Abstract

While exogenous insulin administration remains the cornerstone of management for type I diabetes mellitus (T1DM), patients now have a variety of options that include whole organ pancreas transplant, islet cell transplant, extracorporeal mechanical (bihormonal artificial pancreas), and implanted bioartificial (encapsulated islet) delivery systems. The purpose of this review is to compare these options and consider future developments. Use of whole organ pancreas transplant has declined in the USA over the past several years. Pancreas transplant offers the most durable form of beta cell replacement, especially in the context of a simultaneous kidney-pancreas transplant or a pancreas after kidney transplant. However, pancreatic transplant is associated with significant perioperative morbidity including the risk of a leak of exocrine secretions. Despite a decline in popularity, pancreas transplant outcomes remain excellent. Pancreatic islet transplant offers the opportunity for beta cell replacement with less morbidity. Islet cell transplant outcomes have improved requiring fewer donor pancreata to achieve insulin independence. However, islet cell recipients continue to incur the risk of lifelong immunosuppression, and, to date, long-term islet cell transplant outcomes are not equal to whole organ transplant.
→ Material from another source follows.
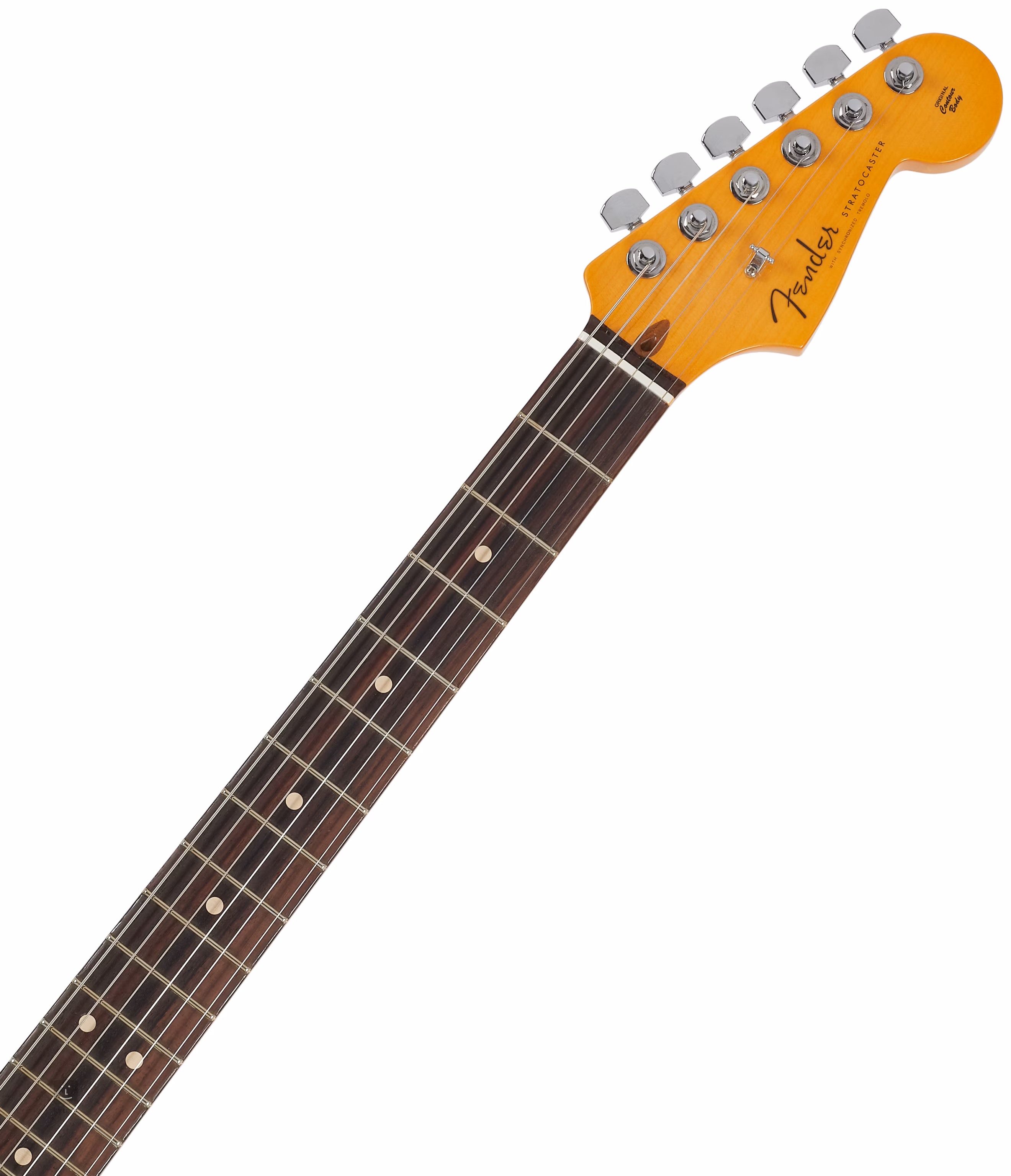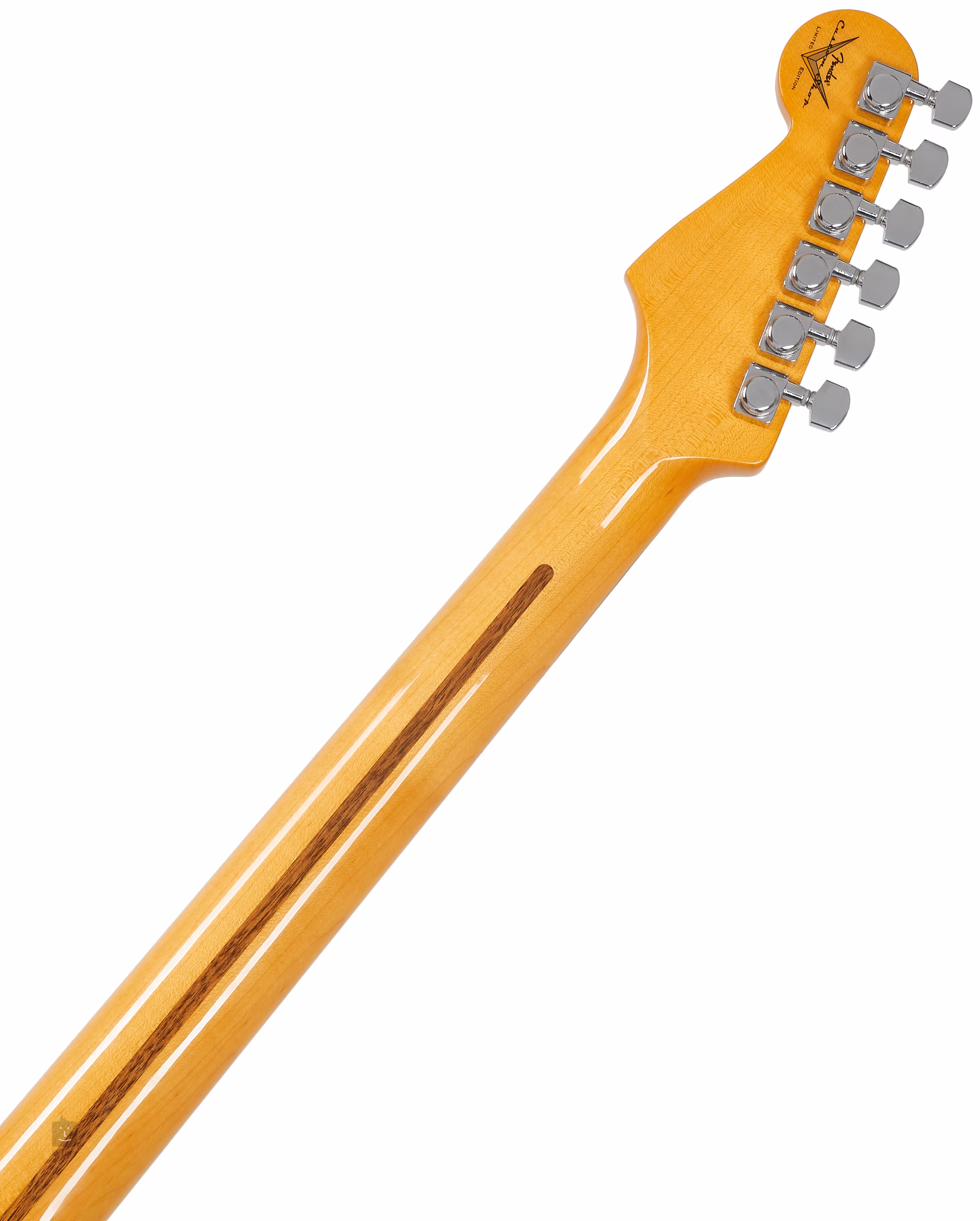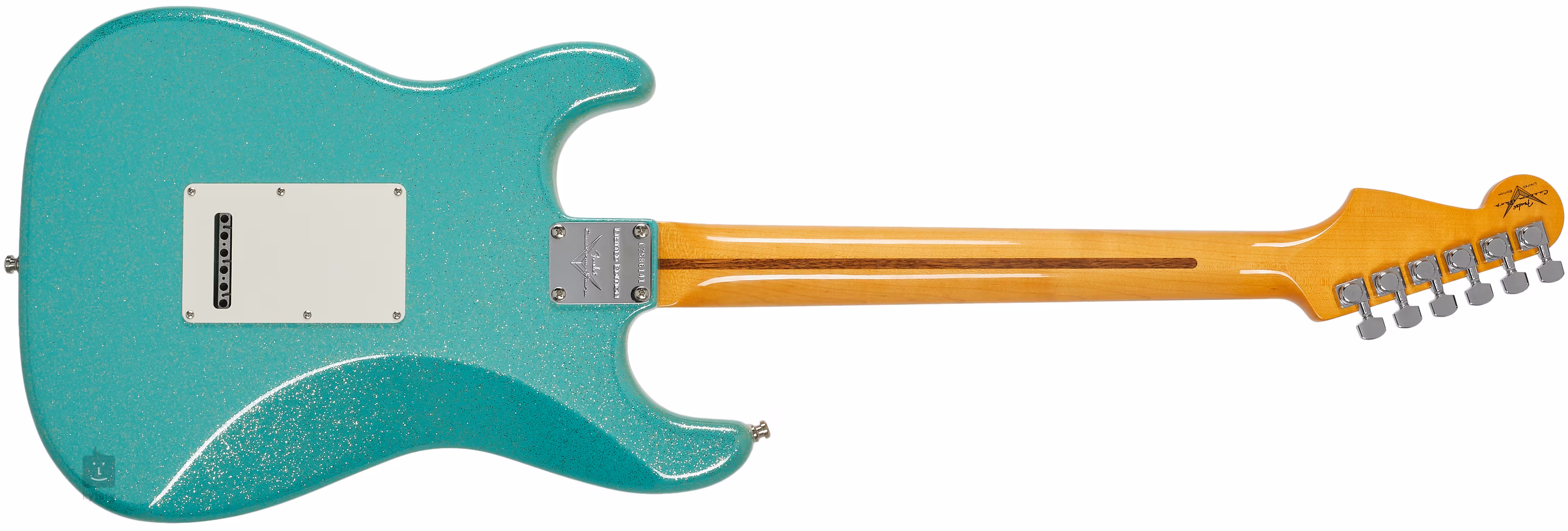 Der zweiteilige Eschenkorpus der Gitarre ist mit einem Seafoam Green Sparkle-Finish und einer NOS (New Old Stock)-Lackierung versehen, die eine absolut authentische Lackierung der Originale aus den 1950er und 1960er Jahren darstellt, ohne die Elemente künstlicher Patina und Alterungserscheinungen in Form von verblichenem Lack. Ein Palisander-Griffbrett in AAA-Qualität mit zweiundzwanzig Narrow Tall (6105) Bünden ist auf einen Ahornhals mit einem 65er Strat "C"-Profil geklebt.

Mechanical solutions have progressed significantly, as technology as enable continuous glucose monitoring and bihormonal (insulin and glucagon) pumps. This technology is limited by the sensitivity of the glucose monitor and the time to effective absorption and distribution of subcutaneous administration of hormones. Finally, bioartificial encapsulated islets are in early clinical trials. Encapsulation results in an immune privileged environment eliminating the need for immunosuppression. However, long-term survival of the islets in vivo has not been established, and other barriers (e.g., fibrin deposition occluding the pores of the encapsulated islet) remain to be overcome. The optimal therapeutic choice for patients with type 1 diabetes must be personalized for the patient and address their specific comorbid conditions (specifically concomitant renal failure), surgical risk, and medical literacy. Increase options promise the opportunity for better glucose control and further reduction in secondary diabetic complications.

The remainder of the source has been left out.